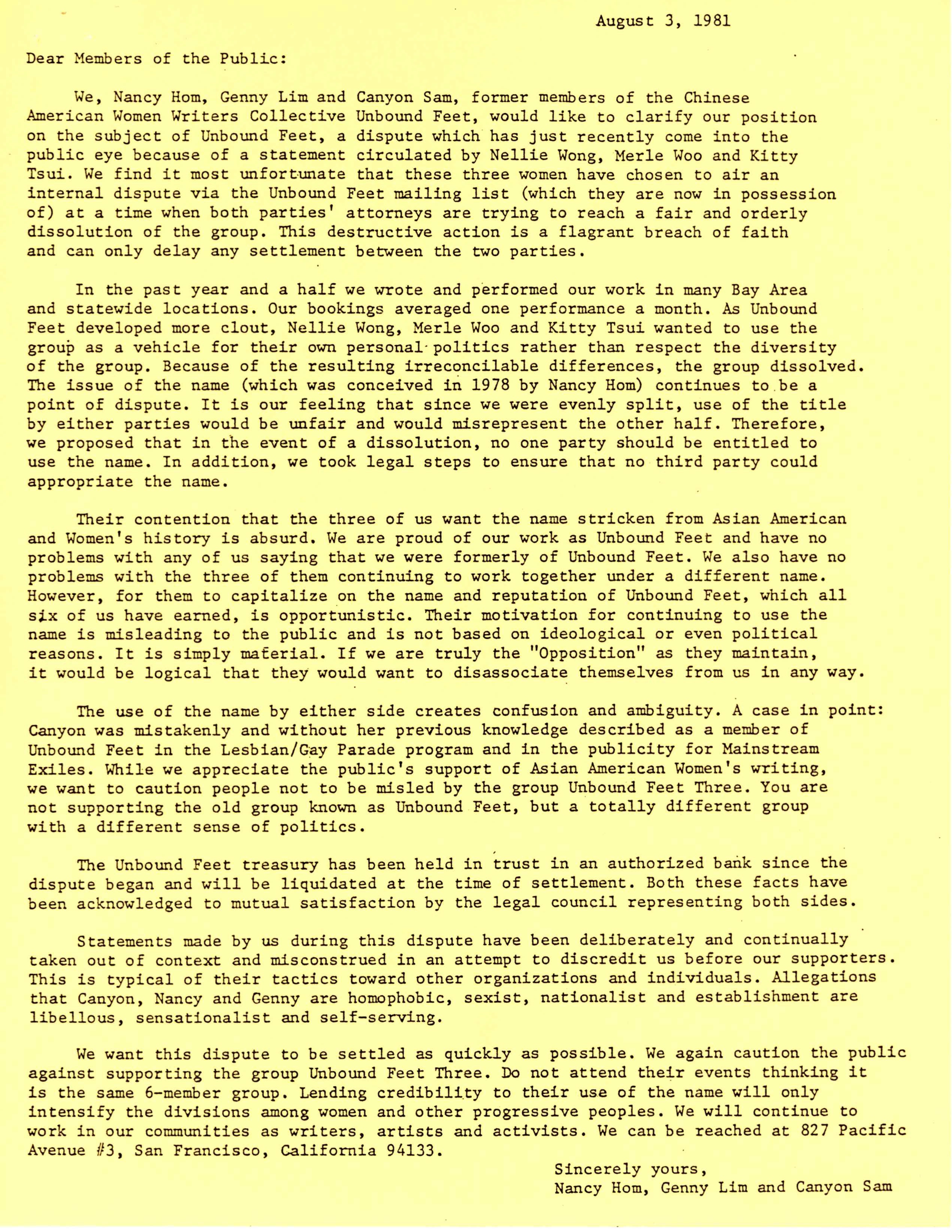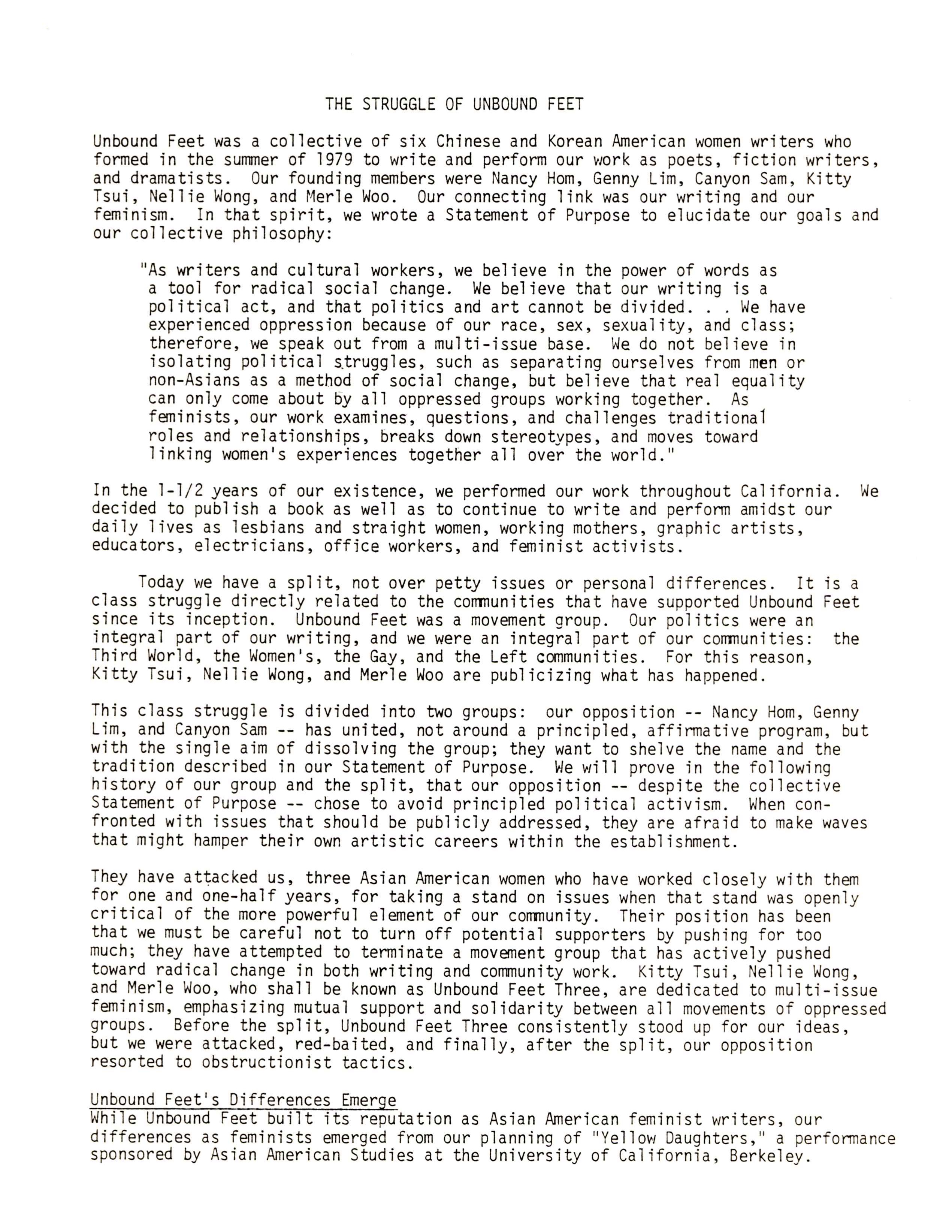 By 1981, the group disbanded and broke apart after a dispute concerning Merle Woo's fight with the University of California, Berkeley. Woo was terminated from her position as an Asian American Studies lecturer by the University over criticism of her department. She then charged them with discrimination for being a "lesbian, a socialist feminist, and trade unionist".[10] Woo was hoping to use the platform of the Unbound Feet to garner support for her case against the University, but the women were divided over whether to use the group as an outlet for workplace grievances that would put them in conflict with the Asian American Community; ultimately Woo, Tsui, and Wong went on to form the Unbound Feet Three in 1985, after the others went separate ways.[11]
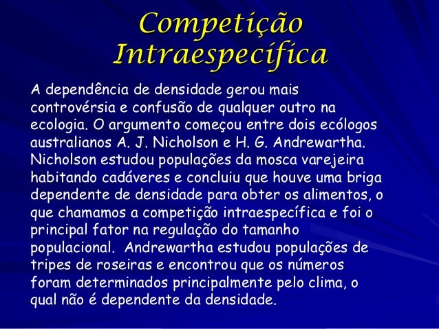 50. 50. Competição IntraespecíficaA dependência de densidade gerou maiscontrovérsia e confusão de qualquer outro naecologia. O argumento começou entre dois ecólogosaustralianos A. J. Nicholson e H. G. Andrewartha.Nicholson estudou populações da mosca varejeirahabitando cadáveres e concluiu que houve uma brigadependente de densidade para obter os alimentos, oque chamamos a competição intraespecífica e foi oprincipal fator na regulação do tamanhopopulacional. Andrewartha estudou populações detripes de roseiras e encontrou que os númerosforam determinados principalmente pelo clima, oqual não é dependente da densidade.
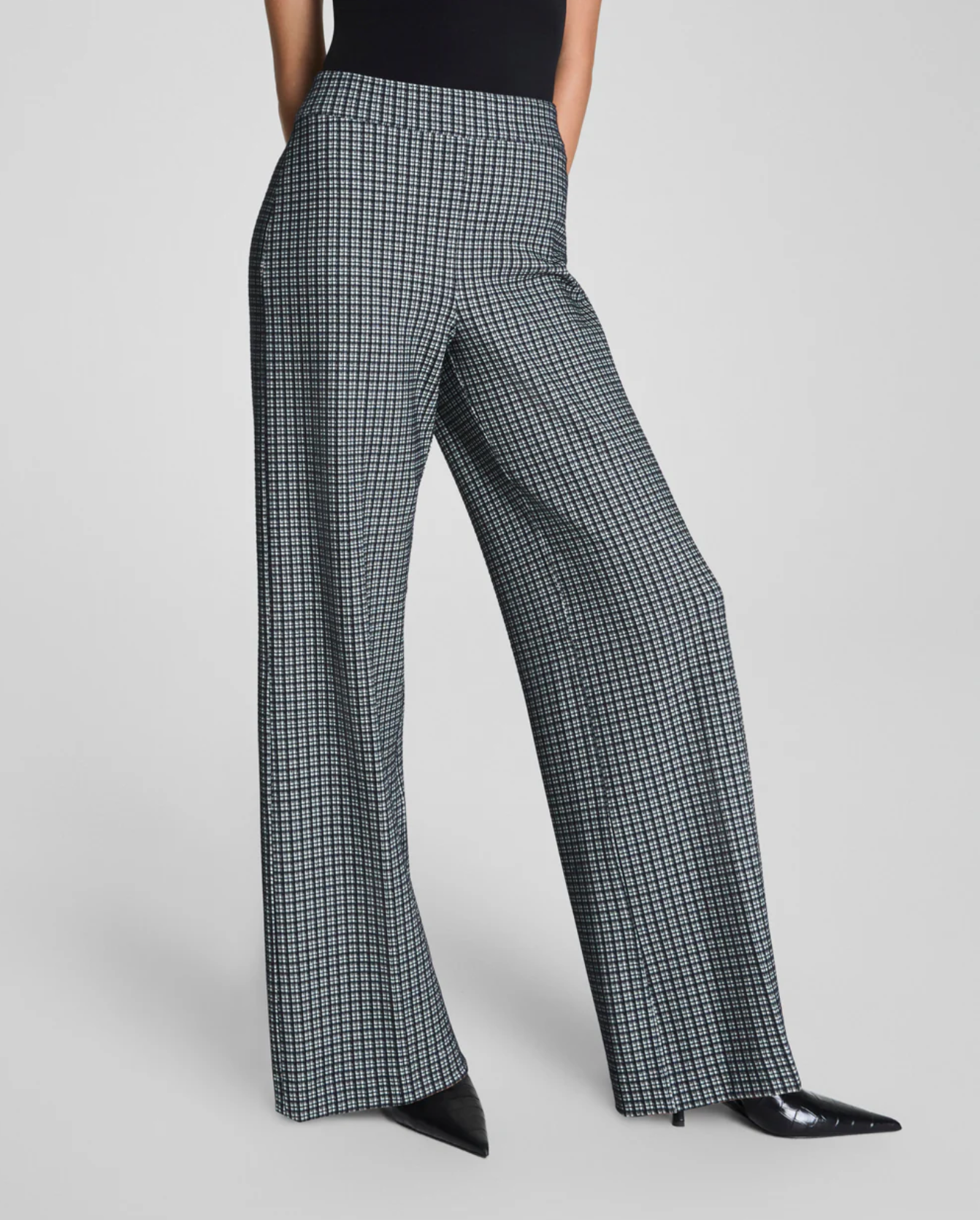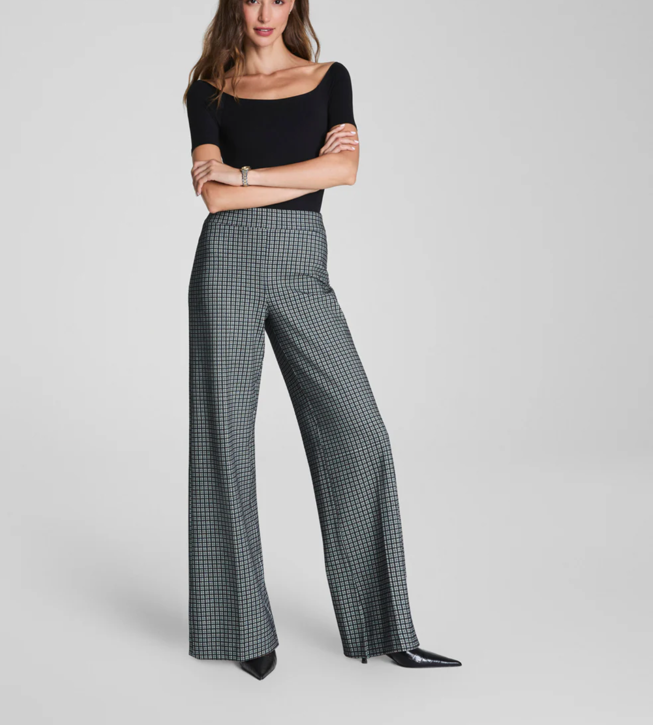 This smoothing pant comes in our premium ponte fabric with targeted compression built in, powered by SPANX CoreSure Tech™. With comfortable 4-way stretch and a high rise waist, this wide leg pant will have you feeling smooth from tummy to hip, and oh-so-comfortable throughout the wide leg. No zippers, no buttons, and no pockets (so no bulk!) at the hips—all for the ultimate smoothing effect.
______________________________
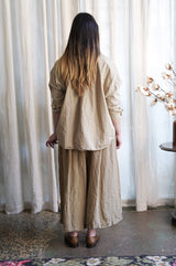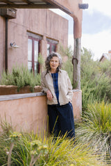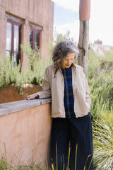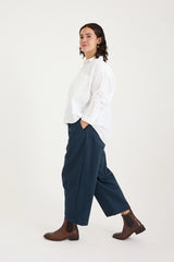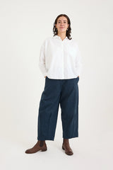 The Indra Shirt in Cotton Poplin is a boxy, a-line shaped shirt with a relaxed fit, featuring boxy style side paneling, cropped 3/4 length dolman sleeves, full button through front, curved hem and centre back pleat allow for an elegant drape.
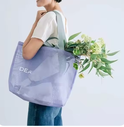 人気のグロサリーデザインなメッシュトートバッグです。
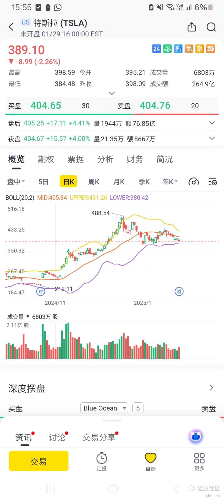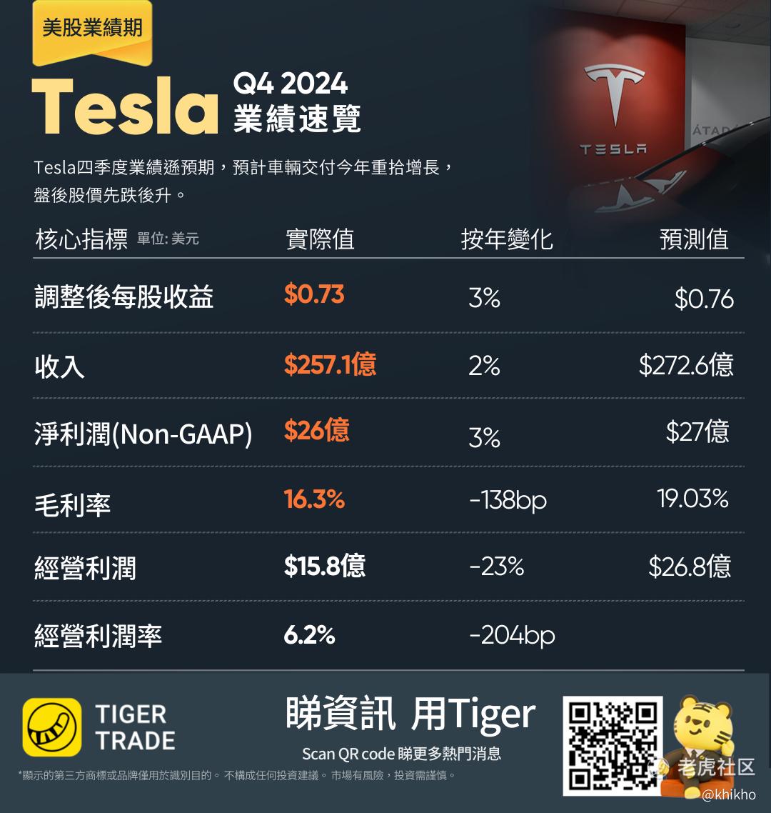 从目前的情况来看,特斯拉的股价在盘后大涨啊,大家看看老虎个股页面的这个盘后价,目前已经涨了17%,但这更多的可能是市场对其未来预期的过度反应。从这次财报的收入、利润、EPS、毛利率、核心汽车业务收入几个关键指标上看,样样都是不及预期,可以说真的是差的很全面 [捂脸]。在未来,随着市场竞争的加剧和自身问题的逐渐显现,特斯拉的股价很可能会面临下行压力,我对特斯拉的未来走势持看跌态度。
______________________________
▶ WORK REQUEST
An exact transcription is needed of the lines from the one with "The Indra Shirt" to the one with "从目前的情况来看,特斯拉的股" above, both ends included, with pictures left out.

▶ THE COMPLETED TASK
 The Indra Shirt in Cotton Poplin is a boxy, a-line shaped shirt with a relaxed fit, featuring boxy style side paneling, cropped 3/4 length dolman sleeves, full button through front, curved hem and centre back pleat allow for an elegant drape.
 人気のグロサリーデザインなメッシュトートバッグです。
 从目前的情况来看,特斯拉的股价在盘后大涨啊,大家看看老虎个股页面的这个盘后价,目前已经涨了17%,但这更多的可能是市场对其未来预期的过度反应。从这次财报的收入、利润、EPS、毛利率、核心汽车业务收入几个关键指标上看,样样都是不及预期,可以说真的是差的很全面 [捂脸]。在未来,随着市场竞争的加剧和自身问题的逐渐显现,特斯拉的股价很可能会面临下行压力,我对特斯拉的未来走势持看跌态度。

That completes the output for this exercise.